Помимо эпигенетической регуляции многие клеточные процессы могут заинтересовать исследователей в плане создания новых психотропных препаратов: динамика аксонов и дендритогенез, нейровоспаление, запасы энергии в митохондриях, миелинизация, апоптоз, глиальная трансмиссия, апоптоз. При этом препараты должны достичь не только нужной клетки, но и определенного места в конкретной клетке. Потенциальные проблемы, с которыми могут столкнуться исследователи при разработке новых лекарств, следующие: уменьшение финансовых ресурсов при попытке одновременно воздействовать на различные потенциально важные мишени; необходимость тщательно и независимо проверять гипотезы; биомаркеры для идентификации подгрупп пациентов, обладающих сходной патологией; необходимость контактировать с регуляторными органами для обсуждения новых потенциально сложных путей внедрения.
В то время как доступные на сегодняшний день препараты действуют на уровне симптомов, растет интерес к стратегиям, которые могут влиять на изменение прогрессирования болезни путем влияния на лежащие в ее основе нейробиологические механизмы, действующие как в доманифестной стадии, так и после дебюта болезни.
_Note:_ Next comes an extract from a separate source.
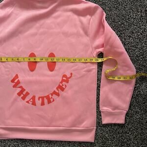 NWOT: Cute and comfy Shein pullover hoodie in pink with orange smiley face graphic and "WHATEVER" text on the back. Soft material, long sleeves, and relaxed fit. Perfect for casual wear, lounging, or layering.
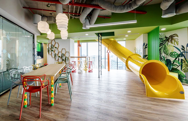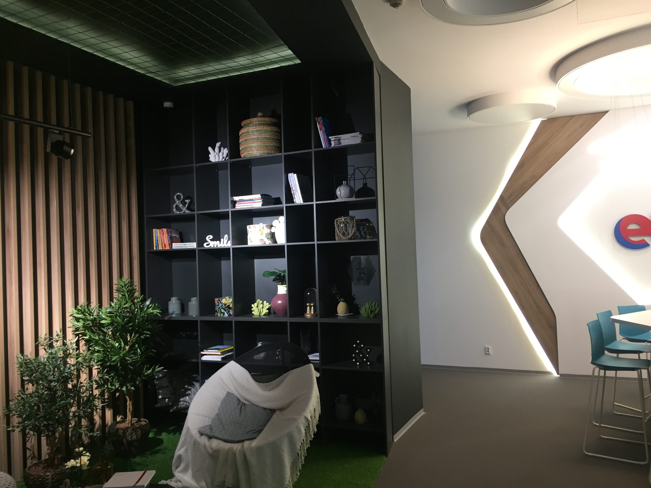 • Zonă de relaxare: Spații unde angajații se pot relaxa și socializa, precum lounge-uri confortabile sau chiar zone de jocuri.

Пионерами в этой области явились работы по изучению моногенных форм расстройств аутистического спектра, на фенотипы которых, как полагают, могут воздействовать соответствующие виды терапии: глутаматергические и ГАМКергические лиганды для синдрома Мартина–Белл; заместительная терапия для синдрома Ретта. Расширяющиеся знания о неблагоприятных факторах, повышающих риск развития шизофрении у подростков, лежат в основе появления стратегий, направленных на изучение молодых людей с синдромом высокого риска и путей, препятствующих переходу в болезненное состояние. Экономические преимущества первичной профилактики и лечение болезни на ранних стадиях не вызывают сомнений, и в будущем стратегии, направленные на терапию, которая влияет на изменение динамики болезни, ранние интервенции и профилактику, по-видимому, будут занимать все большее и большее место.
Еще одной возможностью на этом пути является воздействие на патологические механизмы, не поддающиеся медикаментозному воздействию, например:
а) антагонисты микроРНК, регулирующие трансляцию аномальной мРНК;
б) олигопептиды, разрушающие аномальные протеин-протеин-взаимодействия;
в) аптамеры (олигонуклеотиды, связывающие протеины или нуклеиновые кислоты);
г) пассивные антитела или даже активная иммунизация для нейтрализации токсических протеинов.
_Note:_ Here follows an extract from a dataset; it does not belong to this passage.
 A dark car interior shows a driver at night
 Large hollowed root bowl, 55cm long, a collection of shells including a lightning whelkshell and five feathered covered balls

Возможно, что данные стратегии и не являются терапией первого выбора в лечении депрессии, например, но в перспективе они могут быть применимы для лечения резистентных больных.
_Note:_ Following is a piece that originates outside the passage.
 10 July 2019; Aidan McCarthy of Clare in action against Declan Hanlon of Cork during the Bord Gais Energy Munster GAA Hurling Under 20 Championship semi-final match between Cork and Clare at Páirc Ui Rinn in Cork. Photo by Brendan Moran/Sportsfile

Клиническая характеристика новых препаратов: ограничения и возможности (табл. 4)

Нейровизуализация как дополнительный инструмент клинической оценки
Нейровизуализация внесла огромный вклад в область когнитивных нейронаук в их приложении к психическим заболеваниям, хотя и не стала пока фундаментом для развития методов трансляционной медицины. Нейровизуализация связана с разными аспектами работы над новыми лекарствами, такими как надежность, стоимость, прогнозируемость. В последние годы несколько групп исследователей разработали алгоритмы совместного использования технологий когнитивных наук и нейровизуализации. Используемые сейчас генетические и экзогенные предикторы для отбора пациентов в исследования, к сожалению, не позволяют сделать вывод о степени корреляций на уровне систем, что ограничивает их трансляционную пользу. Компьютерные технологии могут помочь в этом направлении. В частности, Human Brain Project нацелен на моделирование работы мозга и возможность предсказать действие лекарств. Понимание механизмов риска повреждения нейронов с помощью техник нейровизуализации в будущем сможет помочь индивидуализировать существующую терапию. Кроме того, нейровизуализация сможет показать степень поражения определенных мозговых сетей. Прогностическую ценность этого подхода можно увеличить путем включения в исследования здоровых людей, но обладающих общими с пациентами генетическими факторами риска. Также известно, что некоторые психопатологические симптомы у людей могут быть вызваны приемом препаратов. В частности, психотические симптомы и когнитивные дисфункции, вызванные приемом психотомиметика кетамина, имитируют начальные признаки шизофрении. Нейровизуализация влияния антипсихотиков на кетамин может быть полезна при подготовке ко второй фазе исследования. Данную стратегию можно использовать для того, чтобы идентифицировать известные признаки, которые позволят сравнить новые вещества в отношении их системных эффектов с группой уже известных препаратов. Данные о системных эффектах препаратов могут быть полезны при так называемой обратной трансляции. При этом вначале изучают свойства нейрональных систем, вовлеченных в развитие шизофрении, затем устанавливают, какие модели поведения и сети находятся под их контролем у крыс, и лишь затем создают новые животные модели. Практическую ценность этих моделей можно повысить с помощью имитации вариаций генетических факторов, связанных с этим расстройством.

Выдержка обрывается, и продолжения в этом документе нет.